(Extracted records)
====

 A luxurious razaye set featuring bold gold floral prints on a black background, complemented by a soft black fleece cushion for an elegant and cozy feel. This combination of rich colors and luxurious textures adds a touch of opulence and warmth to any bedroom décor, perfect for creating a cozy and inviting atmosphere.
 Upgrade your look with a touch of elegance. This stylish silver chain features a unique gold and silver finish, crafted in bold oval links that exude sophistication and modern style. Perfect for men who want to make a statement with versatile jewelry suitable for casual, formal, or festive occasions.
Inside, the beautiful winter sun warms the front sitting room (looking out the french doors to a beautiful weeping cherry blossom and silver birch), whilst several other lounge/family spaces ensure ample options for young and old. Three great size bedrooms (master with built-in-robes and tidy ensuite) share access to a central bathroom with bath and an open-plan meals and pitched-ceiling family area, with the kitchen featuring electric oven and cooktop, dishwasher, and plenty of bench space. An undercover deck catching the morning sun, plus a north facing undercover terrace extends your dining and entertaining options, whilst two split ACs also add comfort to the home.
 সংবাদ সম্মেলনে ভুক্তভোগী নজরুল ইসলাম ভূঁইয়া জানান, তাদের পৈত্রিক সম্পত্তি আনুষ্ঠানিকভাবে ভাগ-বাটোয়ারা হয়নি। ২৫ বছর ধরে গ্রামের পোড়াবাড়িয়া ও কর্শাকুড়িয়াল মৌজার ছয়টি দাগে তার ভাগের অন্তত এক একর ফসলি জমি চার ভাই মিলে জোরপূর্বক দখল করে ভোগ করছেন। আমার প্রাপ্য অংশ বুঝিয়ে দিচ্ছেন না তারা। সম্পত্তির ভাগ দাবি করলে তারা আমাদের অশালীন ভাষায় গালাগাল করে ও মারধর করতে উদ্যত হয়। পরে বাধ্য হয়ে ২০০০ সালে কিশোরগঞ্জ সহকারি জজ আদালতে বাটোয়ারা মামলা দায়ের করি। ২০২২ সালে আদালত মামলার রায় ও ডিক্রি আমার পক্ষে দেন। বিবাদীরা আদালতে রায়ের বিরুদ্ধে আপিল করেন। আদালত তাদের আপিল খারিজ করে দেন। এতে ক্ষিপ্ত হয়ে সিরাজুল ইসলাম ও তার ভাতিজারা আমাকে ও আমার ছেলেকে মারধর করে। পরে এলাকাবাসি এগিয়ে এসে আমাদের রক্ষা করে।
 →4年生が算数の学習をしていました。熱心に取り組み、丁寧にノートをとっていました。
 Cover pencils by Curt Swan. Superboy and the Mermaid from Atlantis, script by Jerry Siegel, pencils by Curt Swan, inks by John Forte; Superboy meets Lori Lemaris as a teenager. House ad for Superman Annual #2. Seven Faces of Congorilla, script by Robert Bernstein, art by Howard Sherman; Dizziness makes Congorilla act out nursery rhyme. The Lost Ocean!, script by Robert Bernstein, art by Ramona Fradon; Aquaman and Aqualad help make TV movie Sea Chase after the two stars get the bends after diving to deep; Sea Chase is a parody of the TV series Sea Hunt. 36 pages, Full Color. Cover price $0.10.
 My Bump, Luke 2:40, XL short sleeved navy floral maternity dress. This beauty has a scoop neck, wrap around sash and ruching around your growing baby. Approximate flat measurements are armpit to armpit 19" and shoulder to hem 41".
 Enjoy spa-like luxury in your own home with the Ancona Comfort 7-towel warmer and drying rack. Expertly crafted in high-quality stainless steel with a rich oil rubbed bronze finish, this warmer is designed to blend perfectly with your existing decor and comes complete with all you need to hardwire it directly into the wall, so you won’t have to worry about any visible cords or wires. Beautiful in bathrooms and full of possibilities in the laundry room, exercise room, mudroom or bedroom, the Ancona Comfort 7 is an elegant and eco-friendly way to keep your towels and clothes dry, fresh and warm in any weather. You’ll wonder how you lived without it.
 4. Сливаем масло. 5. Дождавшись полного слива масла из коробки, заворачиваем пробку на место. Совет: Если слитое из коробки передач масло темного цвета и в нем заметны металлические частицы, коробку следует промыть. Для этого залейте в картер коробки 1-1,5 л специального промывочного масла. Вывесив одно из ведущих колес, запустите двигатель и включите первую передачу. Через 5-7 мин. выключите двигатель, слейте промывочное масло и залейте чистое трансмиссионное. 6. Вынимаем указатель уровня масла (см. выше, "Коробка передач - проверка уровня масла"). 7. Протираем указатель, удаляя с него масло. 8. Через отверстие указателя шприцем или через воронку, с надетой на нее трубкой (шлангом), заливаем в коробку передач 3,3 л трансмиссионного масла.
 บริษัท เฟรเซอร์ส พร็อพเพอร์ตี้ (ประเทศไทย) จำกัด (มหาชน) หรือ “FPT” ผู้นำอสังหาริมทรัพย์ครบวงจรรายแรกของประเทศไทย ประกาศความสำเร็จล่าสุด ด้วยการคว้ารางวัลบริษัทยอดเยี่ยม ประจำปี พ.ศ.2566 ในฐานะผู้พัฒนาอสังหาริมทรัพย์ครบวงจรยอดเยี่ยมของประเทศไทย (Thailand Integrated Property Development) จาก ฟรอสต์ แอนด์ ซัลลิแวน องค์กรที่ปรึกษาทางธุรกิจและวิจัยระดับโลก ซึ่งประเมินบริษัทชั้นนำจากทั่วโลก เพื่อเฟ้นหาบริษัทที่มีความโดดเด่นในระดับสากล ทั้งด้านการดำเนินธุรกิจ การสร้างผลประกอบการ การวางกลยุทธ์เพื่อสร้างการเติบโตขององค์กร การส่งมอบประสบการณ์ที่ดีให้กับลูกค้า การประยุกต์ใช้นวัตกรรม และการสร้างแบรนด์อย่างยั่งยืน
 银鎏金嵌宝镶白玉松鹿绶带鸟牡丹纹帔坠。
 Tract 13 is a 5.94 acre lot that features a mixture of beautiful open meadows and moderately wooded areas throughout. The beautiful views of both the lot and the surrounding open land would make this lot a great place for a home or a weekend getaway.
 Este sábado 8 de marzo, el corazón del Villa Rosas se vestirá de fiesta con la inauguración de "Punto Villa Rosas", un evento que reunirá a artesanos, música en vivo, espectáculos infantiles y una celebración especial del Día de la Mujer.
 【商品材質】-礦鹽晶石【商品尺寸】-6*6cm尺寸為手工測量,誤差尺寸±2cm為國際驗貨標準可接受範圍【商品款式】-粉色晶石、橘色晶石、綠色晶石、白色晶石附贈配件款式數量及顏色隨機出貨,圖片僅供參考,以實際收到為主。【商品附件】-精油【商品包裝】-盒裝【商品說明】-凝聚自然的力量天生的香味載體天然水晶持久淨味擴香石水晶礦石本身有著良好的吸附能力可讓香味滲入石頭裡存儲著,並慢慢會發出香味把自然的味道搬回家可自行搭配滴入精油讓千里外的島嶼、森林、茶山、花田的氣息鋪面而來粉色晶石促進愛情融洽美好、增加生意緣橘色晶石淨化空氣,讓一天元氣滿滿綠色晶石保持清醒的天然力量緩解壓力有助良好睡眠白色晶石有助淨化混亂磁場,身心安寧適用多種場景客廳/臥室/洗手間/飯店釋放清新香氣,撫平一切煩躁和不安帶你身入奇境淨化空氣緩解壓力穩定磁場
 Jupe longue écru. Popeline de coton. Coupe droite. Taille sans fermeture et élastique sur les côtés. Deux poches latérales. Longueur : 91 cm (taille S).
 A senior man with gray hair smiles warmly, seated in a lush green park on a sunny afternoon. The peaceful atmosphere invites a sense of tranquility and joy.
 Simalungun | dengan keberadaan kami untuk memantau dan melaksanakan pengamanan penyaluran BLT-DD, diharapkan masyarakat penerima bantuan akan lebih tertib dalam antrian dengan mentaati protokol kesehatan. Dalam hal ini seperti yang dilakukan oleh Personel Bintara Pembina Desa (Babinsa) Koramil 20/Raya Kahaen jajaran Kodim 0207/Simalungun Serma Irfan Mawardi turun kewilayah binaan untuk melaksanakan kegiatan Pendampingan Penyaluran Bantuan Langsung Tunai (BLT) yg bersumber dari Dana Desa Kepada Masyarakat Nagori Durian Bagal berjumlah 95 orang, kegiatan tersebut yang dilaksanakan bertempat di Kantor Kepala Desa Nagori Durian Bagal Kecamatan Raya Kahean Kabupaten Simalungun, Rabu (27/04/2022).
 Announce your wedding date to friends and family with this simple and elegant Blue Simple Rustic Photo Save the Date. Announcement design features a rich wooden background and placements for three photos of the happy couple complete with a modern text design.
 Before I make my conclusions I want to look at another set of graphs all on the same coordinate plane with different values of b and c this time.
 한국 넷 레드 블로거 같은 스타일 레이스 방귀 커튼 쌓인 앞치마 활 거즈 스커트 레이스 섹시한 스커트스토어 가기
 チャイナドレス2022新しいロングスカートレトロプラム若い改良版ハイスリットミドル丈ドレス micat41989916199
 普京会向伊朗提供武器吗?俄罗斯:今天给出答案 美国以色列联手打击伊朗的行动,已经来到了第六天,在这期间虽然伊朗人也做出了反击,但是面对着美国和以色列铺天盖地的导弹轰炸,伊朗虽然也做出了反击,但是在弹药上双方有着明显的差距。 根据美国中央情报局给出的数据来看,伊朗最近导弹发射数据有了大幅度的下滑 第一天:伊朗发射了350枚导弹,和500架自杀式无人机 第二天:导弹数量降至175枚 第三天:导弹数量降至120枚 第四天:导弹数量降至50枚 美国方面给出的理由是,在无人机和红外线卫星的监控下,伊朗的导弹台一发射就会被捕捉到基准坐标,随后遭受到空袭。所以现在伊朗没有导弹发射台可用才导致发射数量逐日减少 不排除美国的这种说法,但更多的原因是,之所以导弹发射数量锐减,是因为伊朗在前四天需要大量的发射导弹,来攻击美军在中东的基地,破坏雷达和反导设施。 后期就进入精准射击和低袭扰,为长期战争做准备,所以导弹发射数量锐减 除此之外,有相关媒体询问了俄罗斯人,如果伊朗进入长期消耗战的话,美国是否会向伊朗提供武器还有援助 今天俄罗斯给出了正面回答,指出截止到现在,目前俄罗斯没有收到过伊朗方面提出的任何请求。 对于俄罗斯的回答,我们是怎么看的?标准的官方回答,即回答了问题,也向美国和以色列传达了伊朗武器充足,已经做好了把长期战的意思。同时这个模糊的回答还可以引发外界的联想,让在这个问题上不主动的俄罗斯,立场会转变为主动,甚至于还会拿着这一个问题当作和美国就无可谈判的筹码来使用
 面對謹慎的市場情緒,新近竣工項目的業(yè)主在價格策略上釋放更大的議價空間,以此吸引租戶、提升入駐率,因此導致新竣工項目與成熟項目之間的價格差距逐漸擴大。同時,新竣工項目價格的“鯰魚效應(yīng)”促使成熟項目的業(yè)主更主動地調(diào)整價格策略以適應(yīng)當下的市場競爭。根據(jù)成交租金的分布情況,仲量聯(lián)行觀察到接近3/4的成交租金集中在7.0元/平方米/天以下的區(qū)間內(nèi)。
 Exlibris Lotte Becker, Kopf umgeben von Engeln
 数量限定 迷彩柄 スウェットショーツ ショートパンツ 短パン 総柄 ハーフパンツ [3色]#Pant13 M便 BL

====

Your task:
Could you reproduce exactly the lines of the entries above, from the one with "Cover pencils by" through the one with "Enjoy spa-like luxury", and nothing else?

Task result:
 Cover pencils by Curt Swan. Superboy and the Mermaid from Atlantis, script by Jerry Siegel, pencils by Curt Swan, inks by John Forte; Superboy meets Lori Lemaris as a teenager. House ad for Superman Annual #2. Seven Faces of Congorilla, script by Robert Bernstein, art by Howard Sherman; Dizziness makes Congorilla act out nursery rhyme. The Lost Ocean!, script by Robert Bernstein, art by Ramona Fradon; Aquaman and Aqualad help make TV movie Sea Chase after the two stars get the bends after diving to deep; Sea Chase is a parody of the TV series Sea Hunt. 36 pages, Full Color. Cover price $0.10.
 My Bump, Luke 2:40, XL short sleeved navy floral maternity dress. This beauty has a scoop neck, wrap around sash and ruching around your growing baby. Approximate flat measurements are armpit to armpit 19" and shoulder to hem 41".
 Enjoy spa-like luxury in your own home with the Ancona Comfort 7-towel warmer and drying rack. Expertly crafted in high-quality stainless steel with a rich oil rubbed bronze finish, this warmer is designed to blend perfectly with your existing decor and comes complete with all you need to hardwire it directly into the wall, so you won’t have to worry about any visible cords or wires. Beautiful in bathrooms and full of possibilities in the laundry room, exercise room, mudroom or bedroom, the Ancona Comfort 7 is an elegant and eco-friendly way to keep your towels and clothes dry, fresh and warm in any weather. You’ll wonder how you lived without it.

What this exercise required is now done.